Exercise description ->
Write out the stretch of lines below that begins at the line with "Flight Role: (SEAD, ESCORT, STRIKE, Etc..)" and ends at the line with "One of his earliest", including both, exactly as given and nothing more.

Supplied material ->
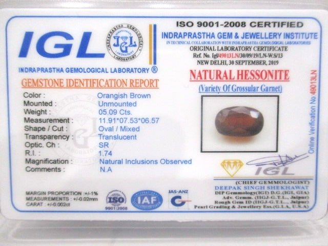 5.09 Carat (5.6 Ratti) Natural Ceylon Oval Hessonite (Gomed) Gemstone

--

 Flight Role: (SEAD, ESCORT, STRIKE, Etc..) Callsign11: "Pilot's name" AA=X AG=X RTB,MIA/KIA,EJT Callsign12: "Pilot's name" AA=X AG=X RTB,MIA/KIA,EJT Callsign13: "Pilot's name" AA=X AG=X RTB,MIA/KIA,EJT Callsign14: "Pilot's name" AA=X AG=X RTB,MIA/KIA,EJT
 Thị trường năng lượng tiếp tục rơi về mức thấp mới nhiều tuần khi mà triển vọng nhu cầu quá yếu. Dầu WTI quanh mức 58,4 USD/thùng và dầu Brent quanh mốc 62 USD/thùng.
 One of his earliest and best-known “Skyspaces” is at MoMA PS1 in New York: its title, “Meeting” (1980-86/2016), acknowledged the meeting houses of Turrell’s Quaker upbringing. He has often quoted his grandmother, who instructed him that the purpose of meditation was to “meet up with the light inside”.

Solved exercise ->
 Flight Role: (SEAD, ESCORT, STRIKE, Etc..) Callsign11: "Pilot's name" AA=X AG=X RTB,MIA/KIA,EJT Callsign12: "Pilot's name" AA=X AG=X RTB,MIA/KIA,EJT Callsign13: "Pilot's name" AA=X AG=X RTB,MIA/KIA,EJT Callsign14: "Pilot's name" AA=X AG=X RTB,MIA/KIA,EJT
 Thị trường năng lượng tiếp tục rơi về mức thấp mới nhiều tuần khi mà triển vọng nhu cầu quá yếu. Dầu WTI quanh mức 58,4 USD/thùng và dầu Brent quanh mốc 62 USD/thùng.
 One of his earliest and best-known “Skyspaces” is at MoMA PS1 in New York: its title, “Meeting” (1980-86/2016), acknowledged the meeting houses of Turrell’s Quaker upbringing. He has often quoted his grandmother, who instructed him that the purpose of meditation was to “meet up with the light inside”.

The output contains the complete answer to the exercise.